The library is “safe” in that it won’t crash or corrupt your file, but write operations are serialized, not performed in parallel.

Important: This built-in thread-safety only applies to multiple threads within a single process. It does not coordinate access between multiple independent processes.

Multi-threaded Access (e.g., `RcppParallel`)

When using a multi-threaded framework, the HDF5 library’s internal mutex handles synchronization for you.

Best Practices

Concurrent Reads are Safe: Multiple threads can safely call h5_read() on the same file simultaneously. The HDF5 library will manage access, and each thread will receive the correct data.
Concurrent Writes are Serialized: Multiple threads can call h5_write() without corrupting the file. However, the global HDF5 lock means the writes will execute one at a time. This is safe but offers no performance benefit for writing. If multiple threads attempt to write, they will be blocked until the lock is released.
Avoid Writing to the Same Dataset: While the library prevents file corruption, having multiple threads attempt to write to the exact same dataset path can lead to unpredictable results (i.e., which thread’s data ends up in the file last is non-deterministic). It is much safer to have each thread write to a unique dataset.

Example: Writing from Multiple Threads

Here is a complete Rcpp example using the RcppParallel package. It demonstrates how multiple threads can safely call back to the R h5_write() function. The HDF5 library’s internal mutex serializes these calls, preventing file corruption.

Note: This pattern is safe but does not provide a performance boost for writing, as the writes happen one at a time. The primary benefit is for “read-heavy” parallel operations, or for simplifying code where a parallel section also needs to perform occasional, non-performance-critical writes.

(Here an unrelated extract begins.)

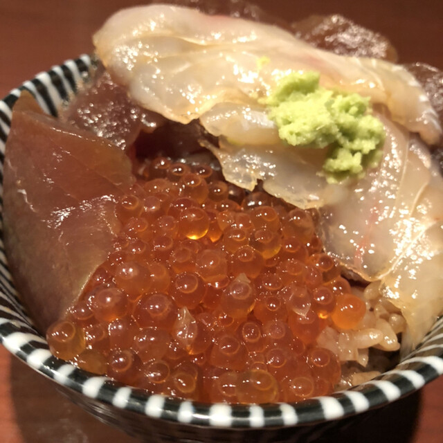 脇を固める「海鮮丼」¥500も小さいサイズながらマグロと白身の漬けとイクラが乗った贅沢な丼。酢飯に赤酢を使っているあたり、店主のこだわりが感じられます。

// [[Rcpp::depends(RcppParallel)]]
#include <Rcpp.h>
#include <RcppParallel.h>

struct H5Writer : public RcppParallel::Worker {
  const std::string file;
  Rcpp::Function h5_write_r;
  
  // Constructor to receive the file path and the R function
  H5Writer(const std::string& file, Rcpp::Function h5_write_r) 
    : file(file), h5_write_r(h5_write_r) {}
  
  // The parallel workhorse function
  void operator()(std::size_t begin, std::size_t end) {
    for (std::size_t i = begin; i < end; ++i) {
      // Each thread writes to a unique dataset path
      std::string dset_name = "thread_data/" + std::to_string(i);
      Rcpp::NumericVector data = Rcpp::NumericVector::create(i);
      
      // Call back into R. The HDF5 global lock makes this thread-safe.
      h5_write_r(file, dset_name, data);
    }
  }
};

// [[Rcpp::export]]
void parallel_write_r_callback(std::string file, int n_threads) {
  // Look up the h5lite::h5_write function from its namespace
  Rcpp::Environment h5lite_ns = Rcpp::Environment::namespace_env("h5lite");
  Rcpp::Function h5_write_r = h5lite_ns["h5_write"];
  
  H5Writer writer(file, h5_write_r);
  RcppParallel::parallelFor(0, n_threads, writer);
}

Multi-process Access (e.g., `future`, `callr`)

When multiple independent processes access the same HDF5 file, the situation is more complex. The HDF5 library’s internal thread-safety lock is irrelevant because each process has its own memory and its own instance of the library.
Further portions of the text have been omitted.